**MATERIALS PROVIDED**

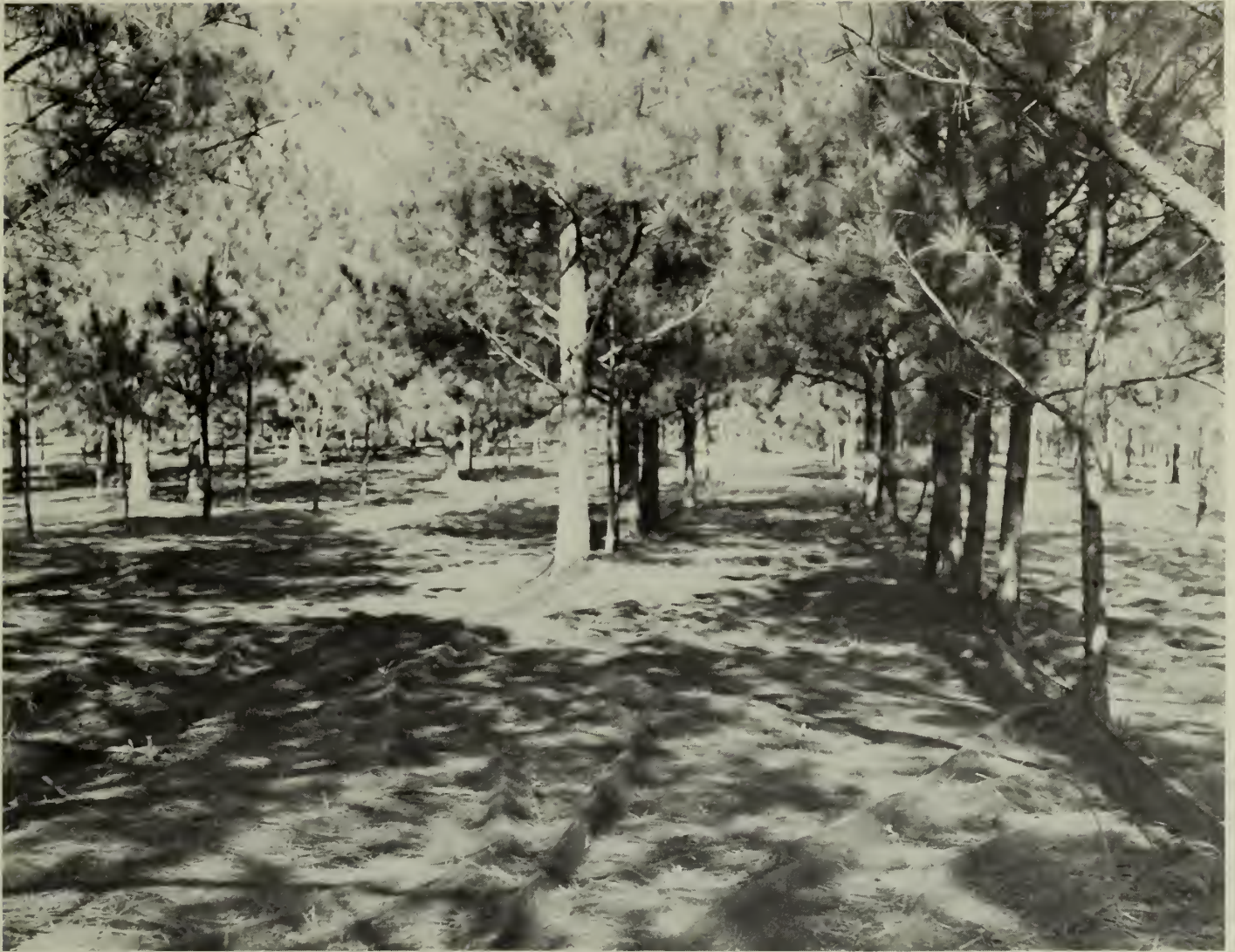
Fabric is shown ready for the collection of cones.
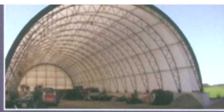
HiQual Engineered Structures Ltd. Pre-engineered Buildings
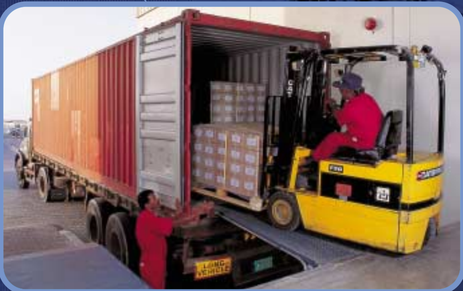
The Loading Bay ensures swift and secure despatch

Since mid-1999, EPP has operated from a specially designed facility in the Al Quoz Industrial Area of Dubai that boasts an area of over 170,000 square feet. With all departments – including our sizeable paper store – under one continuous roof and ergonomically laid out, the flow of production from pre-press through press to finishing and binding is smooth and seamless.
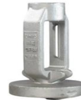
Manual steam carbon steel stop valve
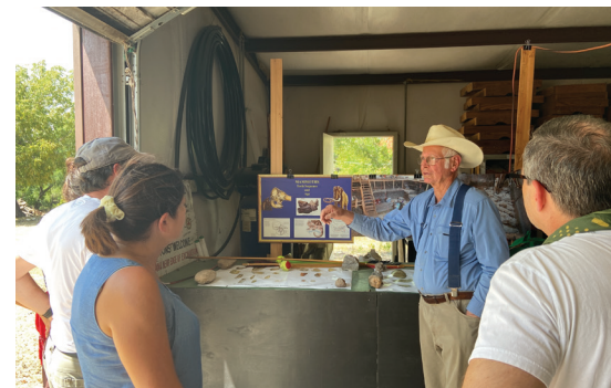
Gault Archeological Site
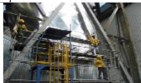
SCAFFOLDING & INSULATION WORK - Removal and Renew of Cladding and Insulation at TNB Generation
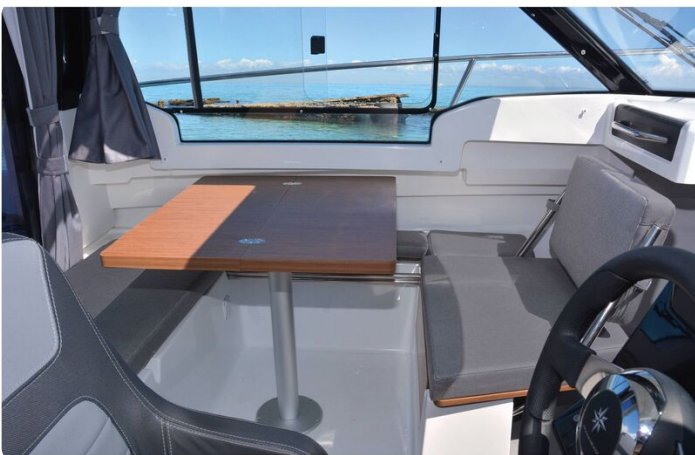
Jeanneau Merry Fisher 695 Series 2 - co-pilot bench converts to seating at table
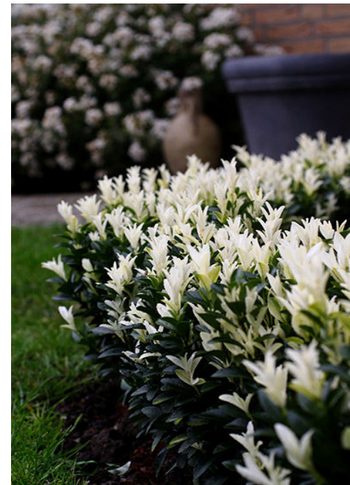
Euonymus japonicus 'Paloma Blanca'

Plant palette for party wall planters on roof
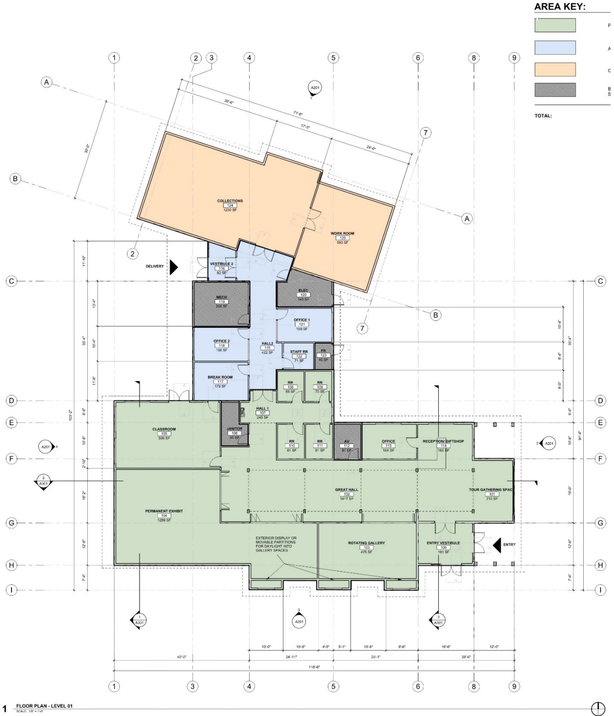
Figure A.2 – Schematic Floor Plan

**YOUR GOAL**
What you return must match, line for line, the span from the line containing "Manual steam carbon steel stop valve" through the last line of the listing above, with every picture omitted.

**SOLUTION TO THIS PROBLEM**
Manual steam carbon steel stop valve
Gault Archeological Site
SCAFFOLDING & INSULATION WORK - Removal and Renew of Cladding and Insulation at TNB Generation
Jeanneau Merry Fisher 695 Series 2 - co-pilot bench converts to seating at table
Euonymus japonicus 'Paloma Blanca'

Plant palette for party wall planters on roof
Figure A.2 – Schematic Floor Plan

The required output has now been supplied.